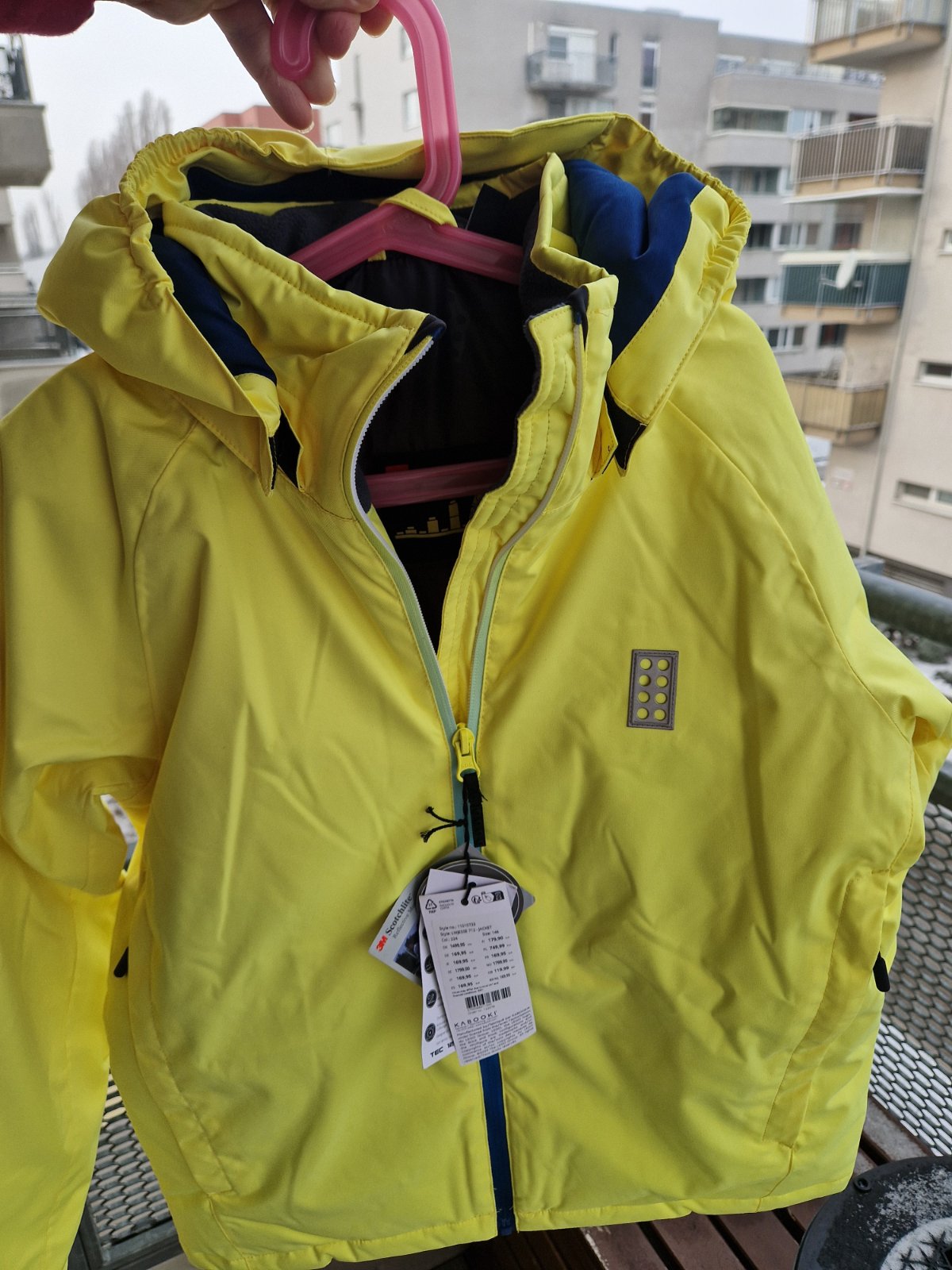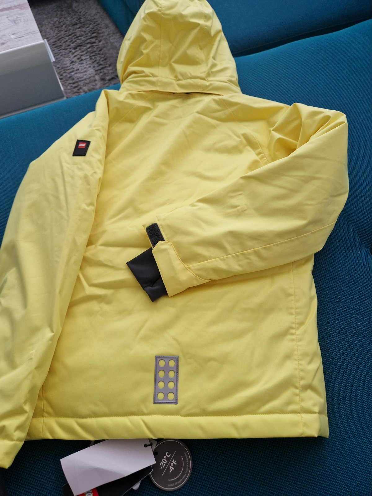 Nova lyziarska bunda Lego tec. Farba je syto zlta.
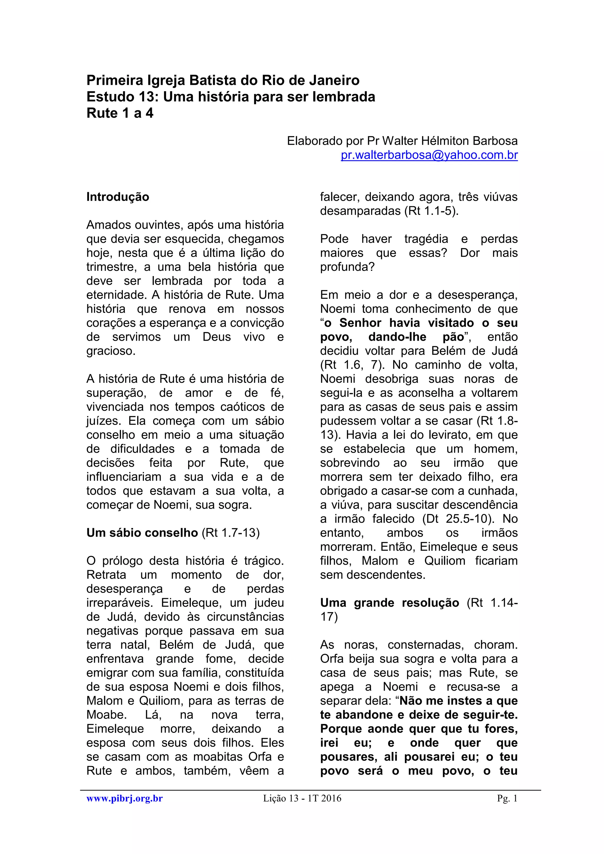 Este documento apresenta um resumo do livro bíblico de Rute em três partes: 1) Rute se recusa a abandonar sua sogra Noemi e promete ficar com ela; 2) Rute demonstra disposição para trabalhar nos campos de Boaz para sustentar ela e Noemi; 3) Rute acaba se casando com Boaz e dando à luz Obede, ancestral de Jesus, mostrando que Deus cuida de quem confia Nele.
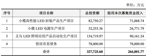 據(jù)公告顯示,募集資金擬用于小欖高性能LED封裝產(chǎn)品生產(chǎn)項(xiàng)目、小欖LED電源生產(chǎn)項(xiàng)目、義烏LED照明應(yīng)用產(chǎn)品自動化生產(chǎn)項(xiàng)目及償還有息債務(wù)。
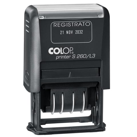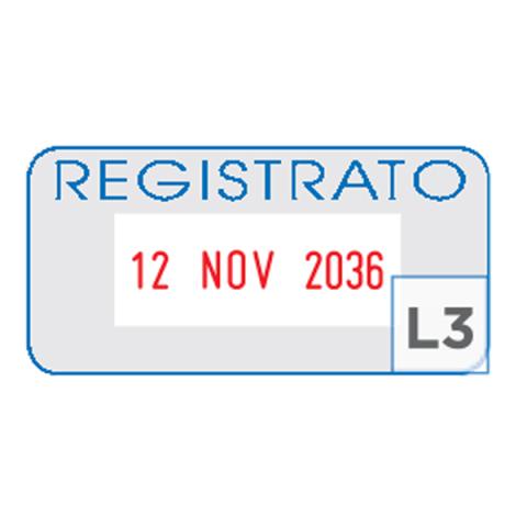 Descrizione / dati tecnici: Timbro datario con dicitura fissa REGISTRATO. Fusto antiurto in ABS. Caratteri con altezza da 4mm. Tampone ricambio nero E/200 (cod. 48014).

What you should do → No picture is to be included when the lines from the one containing "Este documento apresenta" through the end of the material above are output exactly; nothing else is written.

Result →
 Este documento apresenta um resumo do livro bíblico de Rute em três partes: 1) Rute se recusa a abandonar sua sogra Noemi e promete ficar com ela; 2) Rute demonstra disposição para trabalhar nos campos de Boaz para sustentar ela e Noemi; 3) Rute acaba se casando com Boaz e dando à luz Obede, ancestral de Jesus, mostrando que Deus cuida de quem confia Nele.
 據(jù)公告顯示,募集資金擬用于小欖高性能LED封裝產(chǎn)品生產(chǎn)項(xiàng)目、小欖LED電源生產(chǎn)項(xiàng)目、義烏LED照明應(yīng)用產(chǎn)品自動化生產(chǎn)項(xiàng)目及償還有息債務(wù)。
 Descrizione / dati tecnici: Timbro datario con dicitura fissa REGISTRATO. Fusto antiurto in ABS. Caratteri con altezza da 4mm. Tampone ricambio nero E/200 (cod. 48014).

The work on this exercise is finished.